On August 24, the same day the JAMA Psychiatry study was published online, another group of researchers reported quantifying a key risk for later alcohol problems: Five or more days of heavy drinking ─ defined by the National Institute on Alcohol Abuse and Alcoholism as at least 5 drinks for healthy men up to age 65 or 4 drinks for adult women and healthy men over 65 ─ during a 3-month period raises the likelihood that a person will develop a severe alcohol use disorder, according to research findings published in Addiction. Knowing the 5-day predictive threshold could help primary care physicians identify patients at risk, the study’s senior author said in a story by Kaiser Permanente, whose researchers analyzed 139,000 records of adult patients in northern California.


MindSite News, WETA and Ken Burns present a FREE live back-to-school event: A Conversation About Youth Mental Health and the Making of Hiding in Plain Sight

THURSDAY, September 8th at 4:00pm PST | 7:00pm EST

Meet Makalynn, a young woman featured in Hiding in Plain Sight. In the film, Makalynn talks about how, after years of extreme behavior, she was finally diagnosed with bipolar disorder and accepted her need for medication to treat it.

Watch Makalynn’s clip on Twitter HERE


Circadian rhythm control as a potential treatment for depression

via Twitter

Can resetting the body clock help with depression?” That’s the headline of a story in Nature Outlook: Depression, a supplement that we highlighted in Monday’s newsletter, which examines how changes in night-day/sleep-wake cycles affect mood and can cause mental health problems. Night shift workers who develop anxiety or depression are one example, but modern life is disruptive to our circadian clocks in many other ways. 

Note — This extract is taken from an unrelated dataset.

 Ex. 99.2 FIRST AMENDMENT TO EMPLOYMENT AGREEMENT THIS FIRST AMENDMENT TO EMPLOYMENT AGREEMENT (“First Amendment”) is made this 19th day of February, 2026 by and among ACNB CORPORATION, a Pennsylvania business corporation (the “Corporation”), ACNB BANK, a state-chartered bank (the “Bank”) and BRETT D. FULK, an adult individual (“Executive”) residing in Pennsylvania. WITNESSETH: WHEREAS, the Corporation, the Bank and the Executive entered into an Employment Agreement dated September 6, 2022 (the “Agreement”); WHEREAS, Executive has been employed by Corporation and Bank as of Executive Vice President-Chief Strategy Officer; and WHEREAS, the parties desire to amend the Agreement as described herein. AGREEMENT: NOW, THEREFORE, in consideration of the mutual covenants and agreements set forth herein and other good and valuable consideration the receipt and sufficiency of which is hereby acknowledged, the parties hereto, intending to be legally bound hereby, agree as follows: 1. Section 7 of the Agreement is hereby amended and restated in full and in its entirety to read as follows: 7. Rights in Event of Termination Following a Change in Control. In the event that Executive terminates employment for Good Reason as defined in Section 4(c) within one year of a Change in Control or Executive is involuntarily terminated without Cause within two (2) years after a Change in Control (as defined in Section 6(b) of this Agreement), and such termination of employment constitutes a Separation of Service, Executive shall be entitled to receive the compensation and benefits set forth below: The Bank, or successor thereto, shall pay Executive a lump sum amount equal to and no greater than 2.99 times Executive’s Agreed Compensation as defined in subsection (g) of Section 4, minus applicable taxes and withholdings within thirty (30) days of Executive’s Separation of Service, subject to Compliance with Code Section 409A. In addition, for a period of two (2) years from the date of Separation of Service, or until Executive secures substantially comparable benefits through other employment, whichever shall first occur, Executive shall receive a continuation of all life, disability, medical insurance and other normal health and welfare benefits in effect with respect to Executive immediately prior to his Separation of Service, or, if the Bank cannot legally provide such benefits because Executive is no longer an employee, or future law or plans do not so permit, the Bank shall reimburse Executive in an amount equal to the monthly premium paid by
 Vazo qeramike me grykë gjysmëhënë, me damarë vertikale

“This is an ancient mechanism in our brains and our bodies that evolved at the very beginning of life on Earth, and now we have the ability to have electric lights and to fly across time zones and work late at night,” says Colleen McClung, a chronobiologist at the University of Pittsburgh. “And our biology has not caught up to that at all.” Nonetheless, biologists and other scientists are moving forward.

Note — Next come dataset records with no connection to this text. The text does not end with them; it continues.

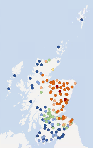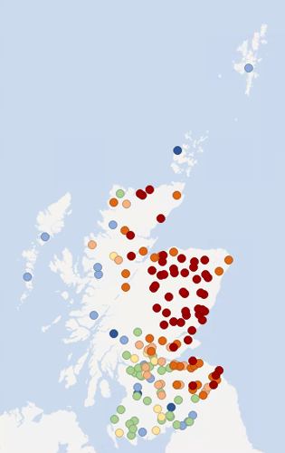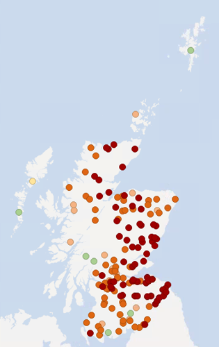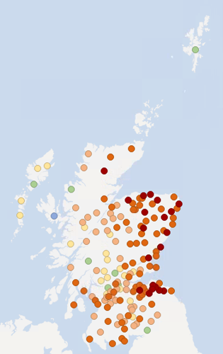 Despite recent rainfall the river flows remain very low across much of the east of Scotland. Moderate scarcity remains in the Spey, Deveron, Ythan, Don (Aberdeenshire), Dee (Aberdeen), Esk, Firth of Tay and Tyne (Lothian) river catchments. The Findhorn, Firth of Forth and Almond catchments remain at Alert.
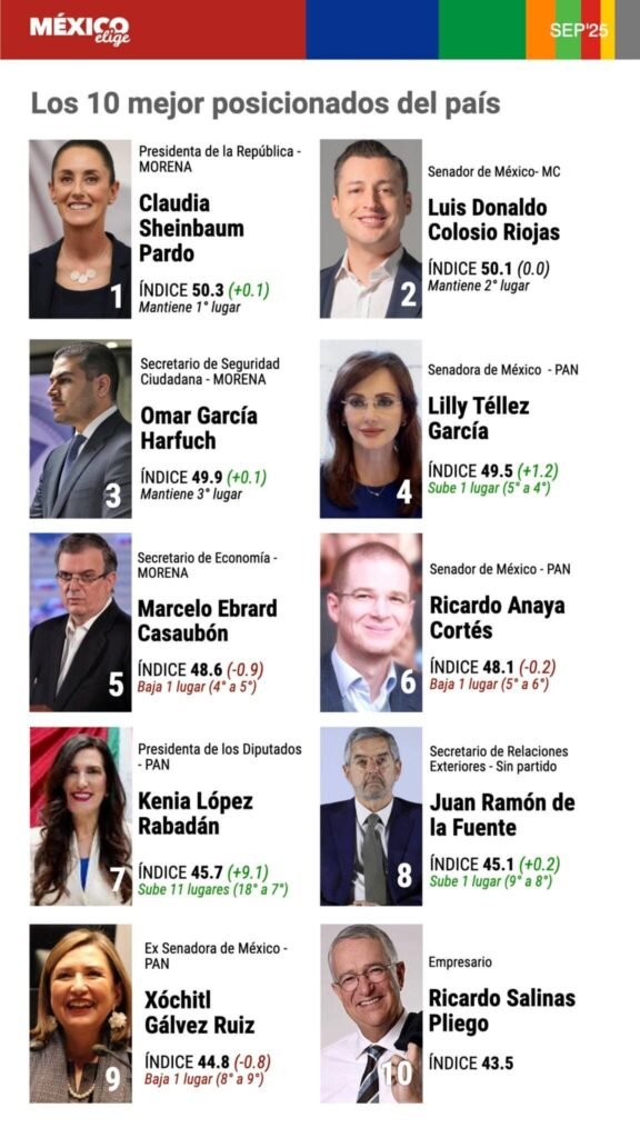 El listado de los diez políticos mejor posicionados lo completan Omar García Harfuch, Lilly Téllez, Marcelo Ebrard, Ricardo Cortés Anaya, Kenia López Rabadán, Juan Ramón de la Fuente, Xóchitl Gálvez y Ricardo Salinas Pliego (lo que también da una sorpresa y a lo que habría que poner atención). No obstante, ninguno de ellos rebasa la barrera del 50% que hoy concentra la presidenta y el senador naranja, hijo del excandidato presidencial de 1994.
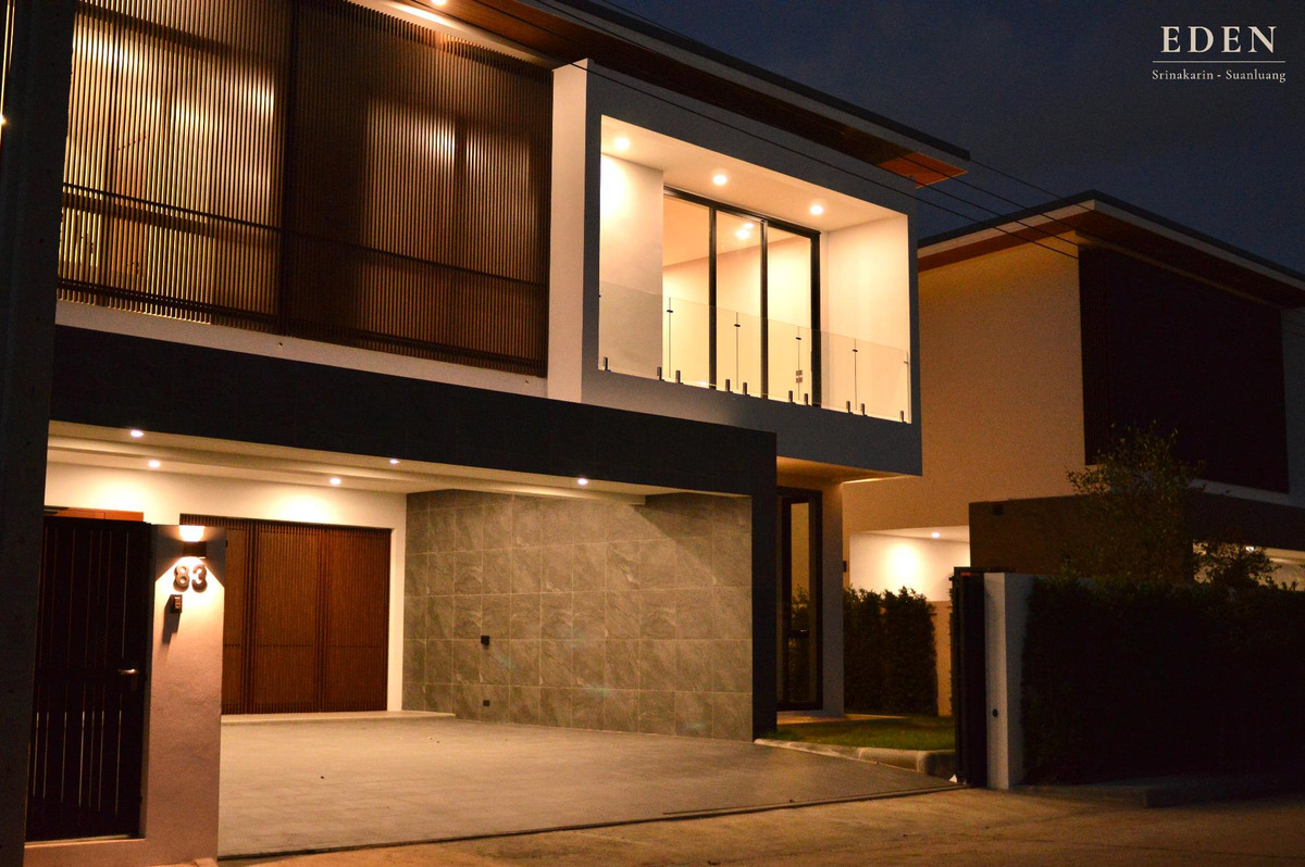 House EDEN Srinakarin - Suan Luang . ● Resort style detached house with a large courtyard garden in the center of the house. ● Location near Suan Luang Rama 9, just 5 minutes. . Experience relaxation close to nature. That comes with functions that meet the needs of modern families. ● 4 bedrooms, 5 bathrooms, 3 parking spaces with indoor and outdoor relaxation zones. ● Designed with a ceiling height of 3 m. to make the house look airy from natural light and breeze. ● Private courtyard, a relaxing corner next to nature in the heart of the house. that connects every area in the house together ● Heal your tired mind every day with green space and large trees around the house. ● All this on an area as wide as 416 sq m and a large plot of land as large as 112 sq m. . Potential location, convenient travel in and out of the city. Close to complete amenities ● Travel to the heart of the CBD, Sukhumvit area, just 15 minutes. ● Near the Kanchanaphisek Expressway, Burapha Withi Expressway, or Motorway. ● Near leading shopping centers Megabangna (10 minutes), Central Bangna (10 minutes), Paradise Park (15 minutes) ● Near famous international schools: Charter International (5 minutes), International Community School (ICS) (15 minutes) and Raffles American International (15 minutes). . Chaloem Phrakiat Rama 9, Soi 62, Dokmai Subdistrict, Prawet District, Bangkok Contact Contact number Chow Eden

Links between circadian rhythm interference and depression have been known for decades, although cause-and-effect relationships have been hard to nail down. As they become clearer, however, non-pharmacological therapies to modulate the rhythmic hormone changes that make you sleepy and help you wake up (sometimes called chronotherapeutics) are being investigated as treatments for depression.

And then there’s blue light. The circadian system responds most strongly to wavelengths of around 480 nanometers (emitted by computer and smartphone screens), and technology can create light that appears normal but excludes those wavelengths. But according to some researchers, some changes to get your circadian rhythms on track may be as simple as getting outside in the morning, eating meals at regular hours and limiting blue light in the evening in the hours before bed.


Our summer fundraising campaign continues. As you read our newsletter today, please consider making a gift to support it. The work you see here and in our original reporting requires skill and time, but it can help hold powerful institutions accountable and make the case for new approaches.


In other news…

Possible evidence of suicidal thinking can be detected in saliva, according to the nonprofit news site StudyFinds. In what may be the first research of its type, a study of nearly 500 University of Florida students, published in Nature.com’s Scientific Reports, found some key differences in the bacterial composition of saliva among students who reported having suicidal ideation within the past two weeks vs. those who hadn’t, even after controlling for sleep and diet.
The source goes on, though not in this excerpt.